◆ TO DO:
Return all of the data below verbatim and exclude every picture.

◆ PROVIDED DATA:

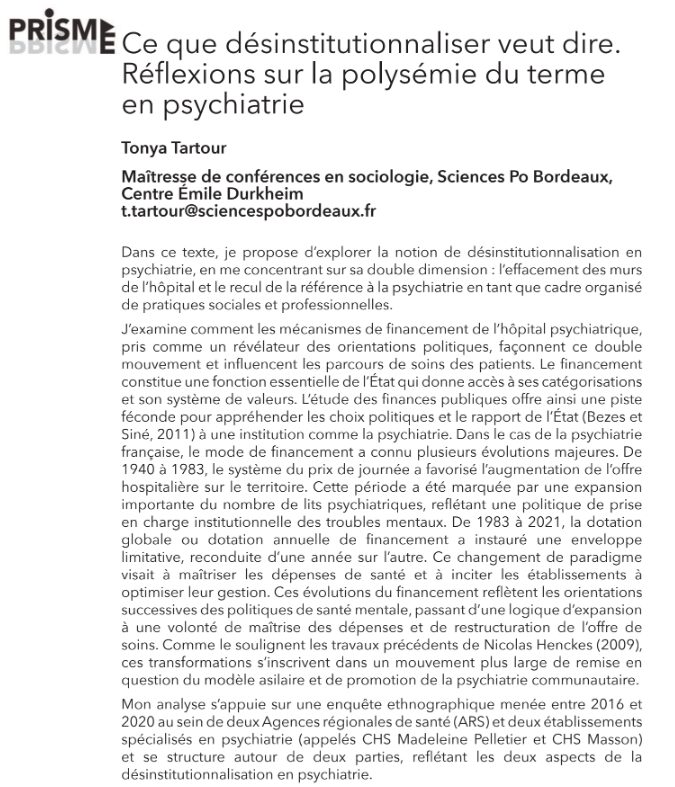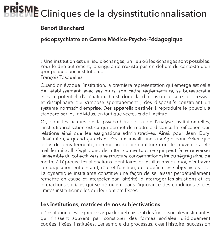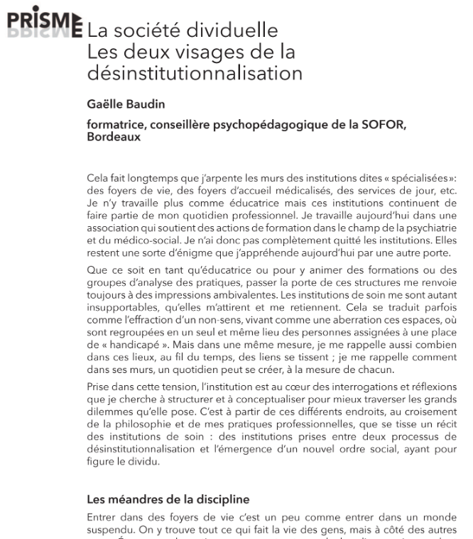 Ce que désinstitutionnaliser veut dire.
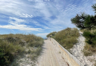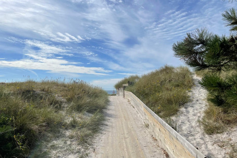 Nel centro della casa troverai un luminoso soggiorno con grandi porte che si aprono su un’ampia terrazza in legno e su un incantevole giardino. Qui puoi rilassarti al sole, goderti una tranquilla colazione all’aperto o rilassarti la sera dopo una giornata in spiaggia o sul campo da golf.
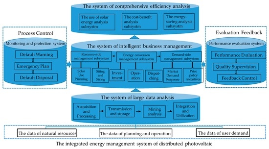 Integrated energy management system takes electricity demand, energy supply, energy conversion and storage into account and integrates infrastructure of renewable energy sources [15,16]. Energy management system improves the availability and security of the system itself with optimized utilization efficiency of renewable energy sources and solutions to electricity defects, and strives to maximize efficiency and optimize environmental costs [17,18]. Energy management systems play an active role in energy investment, use and maintenance of equipment, energy transportation and other stages. The effective method to deal with problems of distributed photovoltaic is to improve the utilization efficiency of energy on the basis of rational layout and optimized facility allocation and management function in an economical and environmental way. Therefore, the application of energy management system plays a critical part in optimizing comprehensive efficiency of distributed photovoltaic.

◆ RESULT:
 Ce que désinstitutionnaliser veut dire.
 Nel centro della casa troverai un luminoso soggiorno con grandi porte che si aprono su un’ampia terrazza in legno e su un incantevole giardino. Qui puoi rilassarti al sole, goderti una tranquilla colazione all’aperto o rilassarti la sera dopo una giornata in spiaggia o sul campo da golf.
 Integrated energy management system takes electricity demand, energy supply, energy conversion and storage into account and integrates infrastructure of renewable energy sources [15,16]. Energy management system improves the availability and security of the system itself with optimized utilization efficiency of renewable energy sources and solutions to electricity defects, and strives to maximize efficiency and optimize environmental costs [17,18]. Energy management systems play an active role in energy investment, use and maintenance of equipment, energy transportation and other stages. The effective method to deal with problems of distributed photovoltaic is to improve the utilization efficiency of energy on the basis of rational layout and optimized facility allocation and management function in an economical and environmental way. Therefore, the application of energy management system plays a critical part in optimizing comprehensive efficiency of distributed photovoltaic.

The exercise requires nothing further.